Amazon Web Services has launched several initiatives, including a mentorship program, to reduce the gender gap and bring more women into senior roles. The program facilitates company-endorsed structured mentoring and voluntary mentoring by external mentors, including customers and partners. Some mentors have even taken a pledge to increase workforce diversity – for example, to recruit more women leaders or support the choices of women employees.
There is also a large unmet need for support and mentoring among women in business. Women own half of all businesses in the US, but account for only 27% of business loan applications. To support women business owners in their country, Canada’s Scotiabank launched The Scotiabank Women Initiative™ in 2018. This program has provided $3 billion in capital and extended mentoring and education to more than 6,000 entrepreneurs.
Strengthening the care infrastructure
Two years down the line, with childcare facilities costing more or having closed during the pandemic, there is a concern that women will be expected to continue to care for their children and, therefore, will not return to the formal workforce.
Employers must address this widening gender gap by providing an adequate care infrastructure. While many leading organizations offer daycare and even financial support for children's special needs – for example, speech or physical therapy – of employees’ children, the same can’t be said of all enterprises. There is a real need for essential industries that typically employ women from underprivileged segments to provide on-site childcare.
Other than providing physical infrastructure, employers must also look at increasing childcare subsidies and expanding childcare coverage to all parents with children up to the age of 18. Last, but not least, they should support the women employees by providing an environment that fosters engagement and belonging. Such measures will also benefit the organization by differentiating it from the competition and improving employee retention.
Minding the financial literacy gap
Workplace gender inequalities extend to women’s ability to build or access financial resources. A factor in American women business owners’ low share in loan applications is inadequate financial literacy. The FINRA Foundation’s National Financial Capability Study found a lack of financial knowledge in Americans in general and among women in particular. Only 22% of women, versus 39% of men, answered three financial literacy questions correctly. While, Togolese women have been running businesses for decades, but are not as successful in expanding them in the long run. A big reason for this is that women score consistently lower than men when it comes to financial literacy indicators, such as the ability to use financial decision-making tools.

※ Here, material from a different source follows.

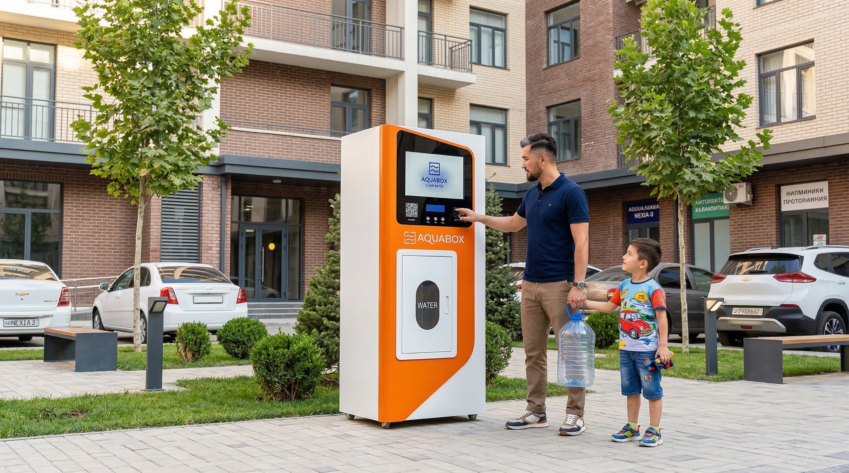 Aquabox — аппарат по розливу воды с встроенным LED-экраном. Человек стоит перед ним 40-50 секунд и полностью погружён в ваш контент.

There is a need for private sector participation in improving financial literacy among working women. Importantly, a financial literacy program must reflect the context of women in the workplace where it will run. HerMoneyTalks, a one-stop financial platform offering financial literacy, mentoring and advisory services exclusively for women, recognizes the need to build financial awareness, access and confidence among women and it guides them through financial transactions.
COVID-19 derailed the progress towards gender parity in the workplace. Consequences lie ahead unless this issue is addressed rapidly. Mentoring, care infrastructure and financial literacy can all make a positive impact.